Unsupervised learning is the second more complex ML techniques that produce previously unknown patterns in dataset without pre-existing labels. Beyond the most common techniques using in this learning type, we can cite clustering approach, deep neural network, and some blind signal separation techniques such as ACP.

Before moving to clustering approach, a new approach for correlated VMs workload prediction was presented in [85], based on deep learning designed with a deep belief network (DBN) composed of multiple-layered restricted Boltzmann machines (RBMs) and a regression layer. Each hidden layer of a RBM was used as the visible layer of the following RBM using the contrastive divergence to obtain connection weights and minimize reconstruction error. The top layer of the proposed model consists of a sigmoid regression layer to fine-tune the whole deep learning model in a supervised way. Afterward, the network has been trained using the fast unsupervised greedy layerwise pretraining method to come up with the vanishing gradient problem. With little prior knowledge, the proposed DBN could learn features efficiently for the VM workload prediction in an unsupervised fashion.

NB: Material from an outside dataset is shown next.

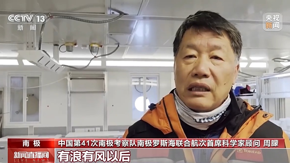 中国第41次南极考察队南极罗斯海联合航次首席科学家顾问 周朦:如果没有浪,冰就结成一块了,有浪有风以后,它就会开裂,会漂动,相对来说它容易融化。阳光也可以透过冰到海水里面去,促进冰和海相间的时候,海水里面的初级生产力,促进生态系统。

As for clustering techniques, the K-means method is still one of the most widely used clustering algorithms. It contains three parameters, namely the number K of data subset, initial clustering center selection, similarity measurement. It is considered as a non-deterministic polynomial time hard problem (NP-hard) that consists first on selecting K-centroids showing improvement in accuracy and then assigns each point to its closest centroid. A model of workload characteristic based on K-means clustering analysis using Google workload trace dataset was proposed in [86]. This research adopts firstly the method of increasing K value with Euclidean distance criterion. Then, it selects the initial centroid by extracting K clusters from hierarchical clustering ensemble for each sample and using the cluster centers as the initial centroid. In this study, VM samples were divided into two clusters regular and irregular categories, and then each cluster was divided into other clusters according to workloads level. It was demonstrated that the model gives the more optimal resources for the most urgent resource requirements needed by using the clustering analysis of workload characteristics. Another paper [87] combines k-means clustering techniques and extreme learning machines (ELMs) to find the optimal weights for the predictor in a single step. Three categories of VM clusters were created according to workload characteristics using K-means algorithm during an observation window. The other part of the proposed data clustering is the trace decomposer for mapping each request to one cluster. Then once clusters obtained, one ELM neural network was applied to each category or cluster to predict the number of VM requests during the future prediction window. Nevertheless, workload in cloud DC is not only induced by load characteristics but also by user behaviors. Toward this end, the following paper [88] incorporates user behaviors’ to improve prediction results considering three phases: data clustering on different data sizes cluster labeled with ranges of workload percentages, data filtering by discovering workload patterns relationships, and calculating Pearson’s correlation between user clusters. The last phase predicts the incoming workload of VMs for a future time interval using a multiway (tensor) technique.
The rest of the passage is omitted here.